The expected answer is the full listing, repeated exactly and free of images.
Segment Start: Available records
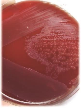 La cepa 1 originalmente no presentaba hemólisis en agar sangre ovina. Para poder observar la beta-hemólisis en sangre humana, característica de la intermedilisina (9), se preparó una placa con una base inferior de agar Columbia y una capa superior de 3 mL de agar Columbia con el agregado de 0,5 mL de sangre humana. Se estrió la placa con la cepa en estudio y se incubó durante 48 h a 35 ºC en atmósfera con 5% de CO. (Fig.1).
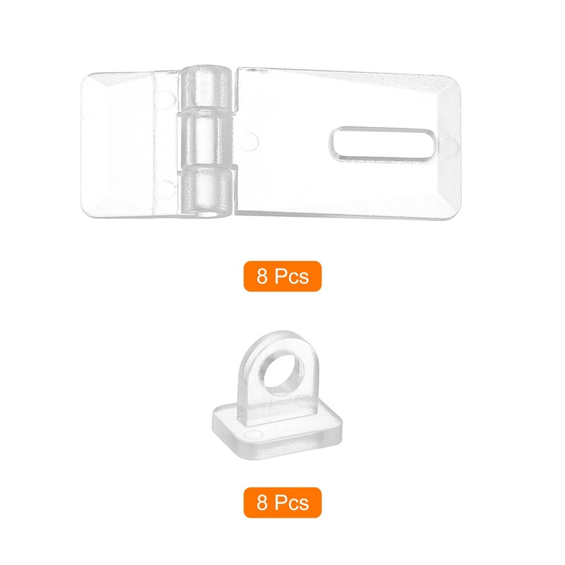 - [Acrylic Hasp Latch] - Total Size: 40 x 16mm/ 1.57inch x 0.63inch(L*W); Mounting Hole Size: 11x3mm(L*W); Hasp Lock Size: 13x12mm(L*W); Hasp Lock Mounting Size: 5mm; Package Content: 8pcs x Hinge Hasp
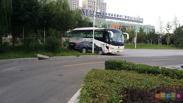 迁安信息港消息:今日上午,市民孙先生爆料称,一辆帕萨特小轿车跨过绿化地,直冲冲撞上某钢厂通勤车。孙先生希望广大司机引以为戒,注意行车安全。
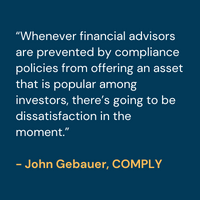 From the point of view of John Gebauer, President of COMPLY, a regtech compliance firm, “Whenever financial advisors are prevented by compliance policies from offering an asset that is popular among investors, there’s going to be dissatisfaction in the moment.”
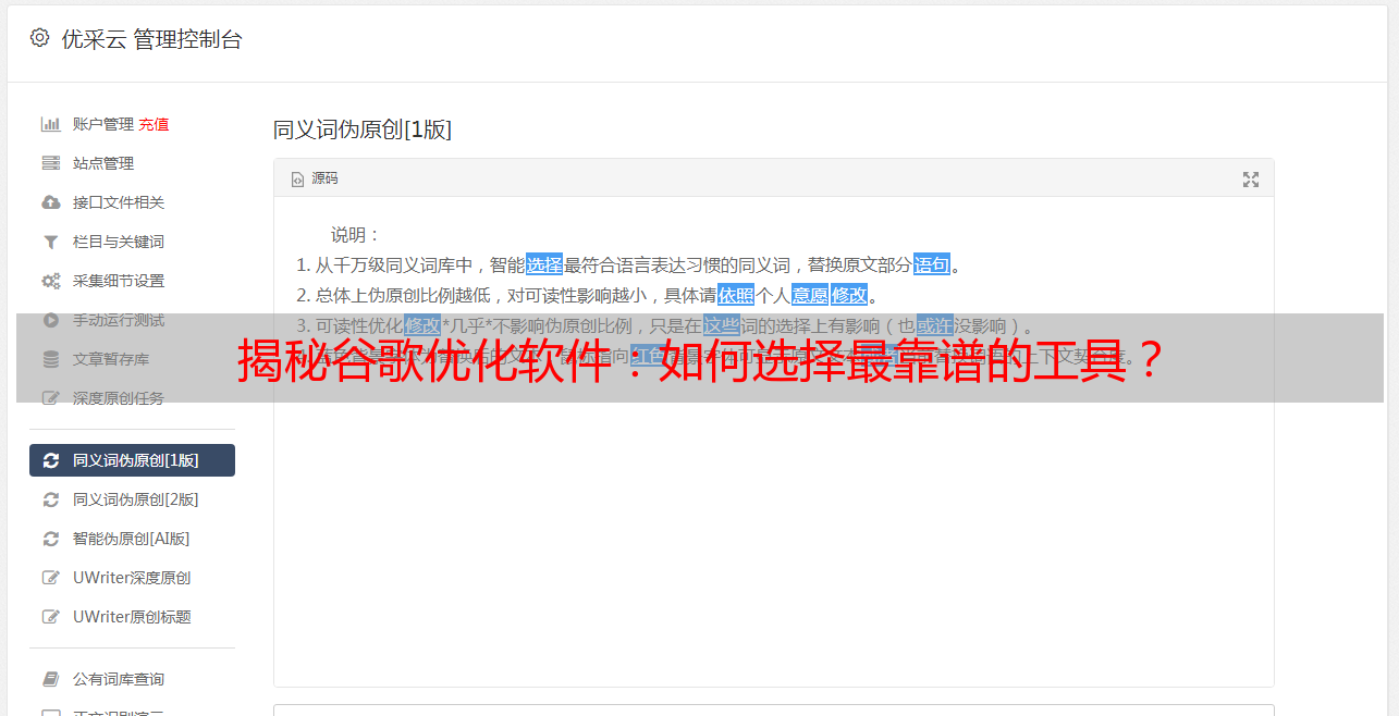 优采云 发布时间: 2024-03-04 05:47身为资深SEO专家,我始终探寻提升网站排名的高效工具。在此过程中,我通过深入研究与对比测评,筛选出可信赖的谷歌优化采集软件。在此篇文章中,我将公开我的研究成果,协助您作出明智的选择。
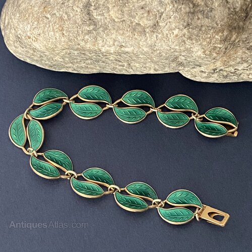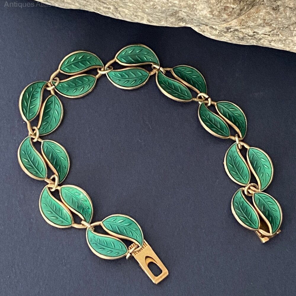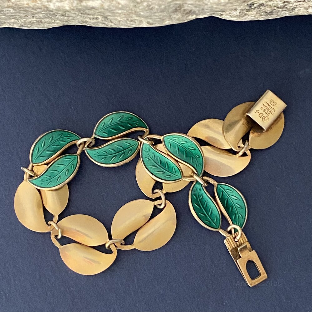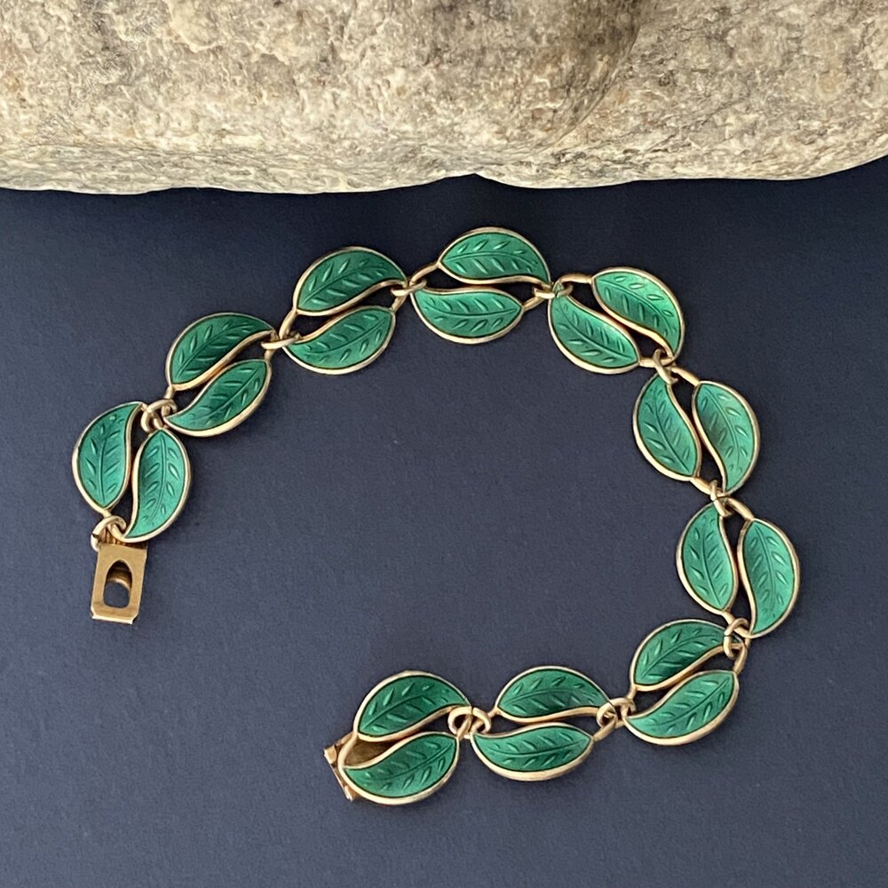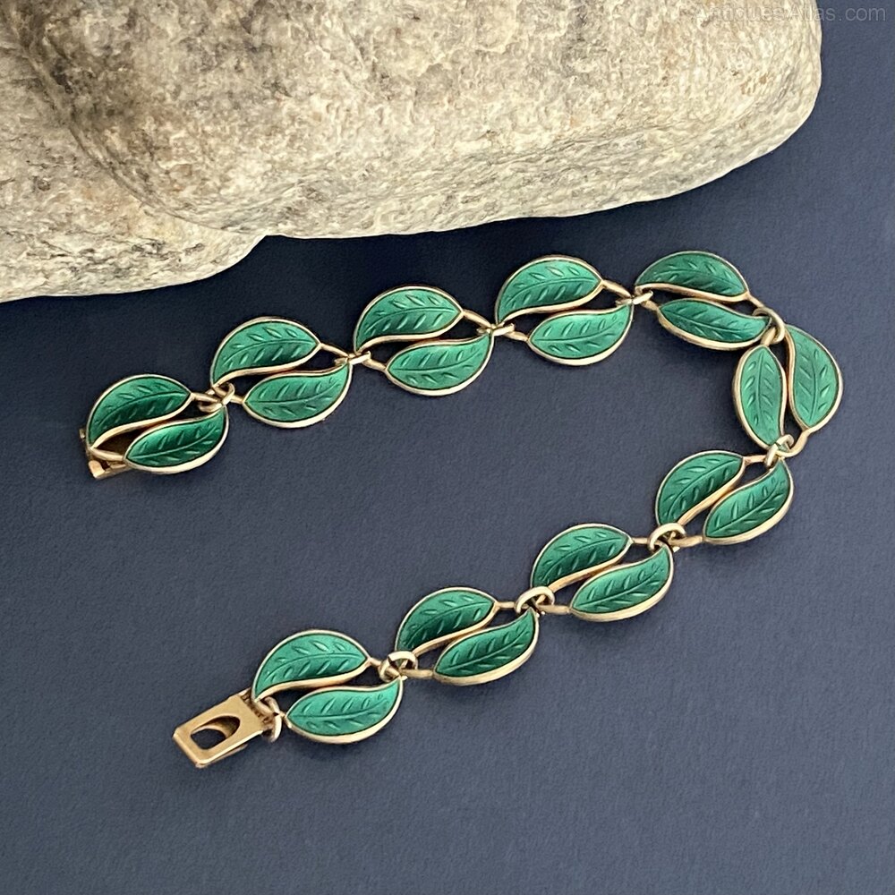A beautiful mid century David Andersen Norwegian sterling silver and enamel bracelet. Each of the ten silver links is styled as a twin leaf enriched in a gorgeous emerald green. Very good vintage condition.This David Andersen enamel bracelet would make an excellent Christmas gift.
Segment End: Available records
(Task output):
 La cepa 1 originalmente no presentaba hemólisis en agar sangre ovina. Para poder observar la beta-hemólisis en sangre humana, característica de la intermedilisina (9), se preparó una placa con una base inferior de agar Columbia y una capa superior de 3 mL de agar Columbia con el agregado de 0,5 mL de sangre humana. Se estrió la placa con la cepa en estudio y se incubó durante 48 h a 35 ºC en atmósfera con 5% de CO. (Fig.1).
 - [Acrylic Hasp Latch] - Total Size: 40 x 16mm/ 1.57inch x 0.63inch(L*W); Mounting Hole Size: 11x3mm(L*W); Hasp Lock Size: 13x12mm(L*W); Hasp Lock Mounting Size: 5mm; Package Content: 8pcs x Hinge Hasp
 迁安信息港消息:今日上午,市民孙先生爆料称,一辆帕萨特小轿车跨过绿化地,直冲冲撞上某钢厂通勤车。孙先生希望广大司机引以为戒,注意行车安全。
 From the point of view of John Gebauer, President of COMPLY, a regtech compliance firm, “Whenever financial advisors are prevented by compliance policies from offering an asset that is popular among investors, there’s going to be dissatisfaction in the moment.”
 优采云 发布时间: 2024-03-04 05:47身为资深SEO专家,我始终探寻提升网站排名的高效工具。在此过程中,我通过深入研究与对比测评,筛选出可信赖的谷歌优化采集软件。在此篇文章中,我将公开我的研究成果,协助您作出明智的选择。
A beautiful mid century David Andersen Norwegian sterling silver and enamel bracelet. Each of the ten silver links is styled as a twin leaf enriched in a gorgeous emerald green. Very good vintage condition.This David Andersen enamel bracelet would make an excellent Christmas gift.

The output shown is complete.